Signals, exactly like interrupts, are hence a generic ``catch-all''
notification mechanism, used for a variety of unrelated tasks.
Direct Operating System Calls: Syscalls
Normally, to interact with the outside world (files, network, etc) you
just call some function, usually the exact same function you'd call
from C or C++. But sometimes, such as when you're implementing
a C library, or when there is no C library call to access the
functionality you need, you want to talk to the OS kernel
directly. There's a special x86 "interrupt" instruction to do
this, called "int".
On Linux, you talk to the OS by loading up
values into registers then calling "int 0x80". Register rax
describes what to do (open a file, write data, etc) and rbx, rcx, rdx,
rsi, and rdi have the parameters describing how to do it. This
register-based parameter passing is similar to how we call functions in
64-bit x86, but the Linux kernel uses this convention both in 32 and 64
bit mode. Other operating systems like BSD store syscall
parameters on the stack, like the 32-bit x86 call interface!

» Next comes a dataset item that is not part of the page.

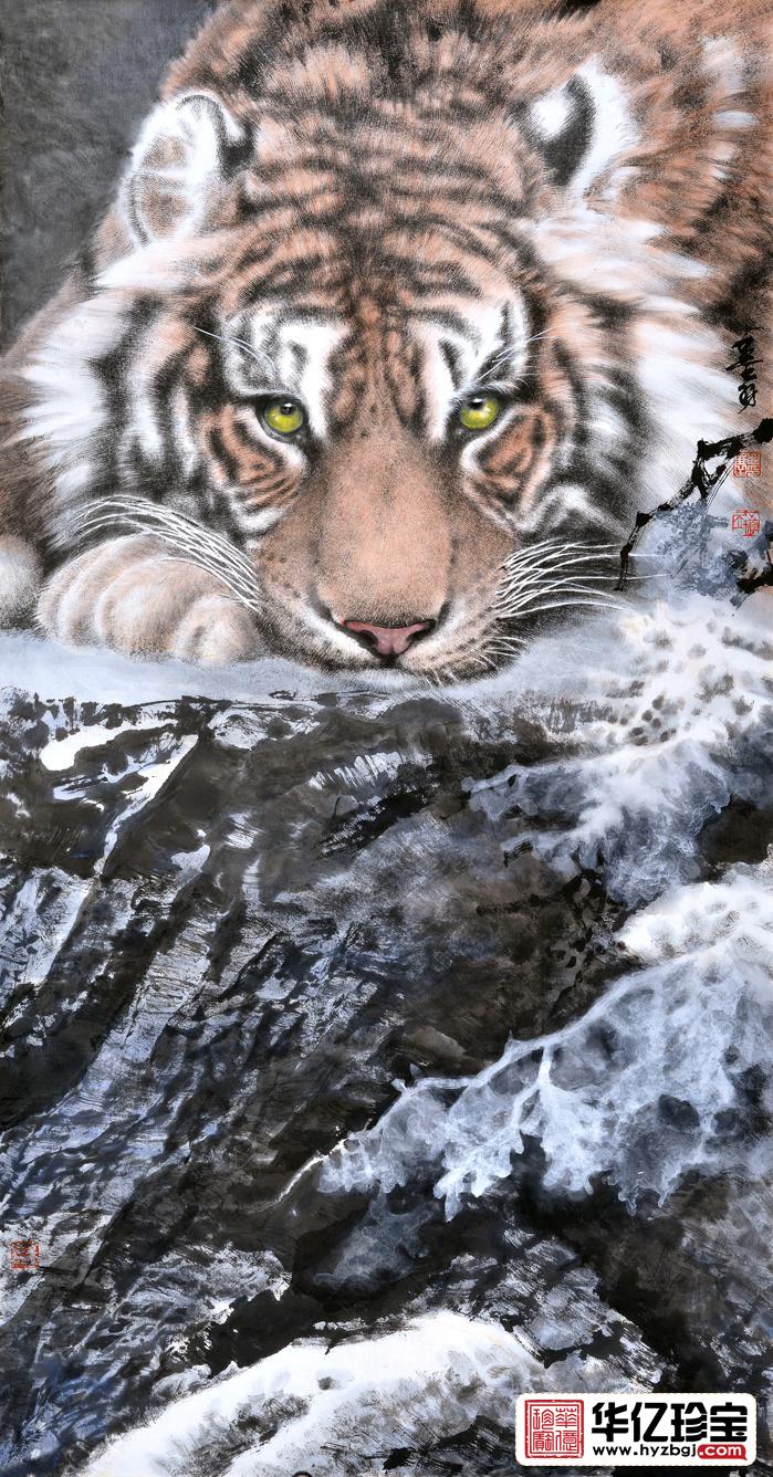 镇宅祈福 吉林美协曲展四尺竖幅国画虎《威震山河》吉林美术家协会会员

Konstantin Boldyshev has a good writeup and examples of Linux, BSD, and BeOS x86 syscalls, and a list of common Linux syscalls.
(The full list of Linux syscalls is in
/usr/include/asm/unistd_32.h.) Here's a 64-bit version of his
Linux example:
push rbx ; <- we'll be using ebx below, and it's a saved register (hallelujah!)
; System calls are listed in "asm/unistd.h"
mov rax,4 ; the system call number of "write".
mov rbx,1 ; first parameter: 1, the stdout file descriptor
mov rcx,myStr ; data to write
mov rdx,3 ; bytes to write
int 0x80 ; Issue the system call
pop rbx ; <- restore ebx to its old value
ret
section .data
myStr:
db "Yo",0xa
(Try this in NetRun now!)
This 64-bit version matches the way you make 32-bit Linux system calls.
There's also a second marginally faster way to make 64-bit system calls using a *different*
list of syscall numbers under /usr/include/asm/unistd_64.h.
Like
the 32-bit version, the system call number is passed in rax, but the
parameters are in rdi, rsi, rdx, r10, r8, r9, somewhat like a function
call but with slightly different registers! Instead of "int
0x80", for this interface you use the "syscall"
instruction. The return is still in rax.
; "sysenter" instruction call numbers are listed in "asm/unistd_64.h"
mov rax,1 ; the (new) system call number of "write".
mov rdi,1 ; first parameter: 1, the stdout file descriptor
mov rsi,myStr ; data to write
mov rdx,3 ; bytes to write
syscall ; Issue the system call
; leave syscall's return value in rax
ret
section .data
myStr:
db "Yo",0xa
section .text
(Try this in NetRun now!)
Windows system call numbers keep changing, so direct system calls
aren't at all easy to use on Windows. The current numbers are
stored in kernel32.dll. This is partly a security
feature, to make it harder to write portable Windows viruses.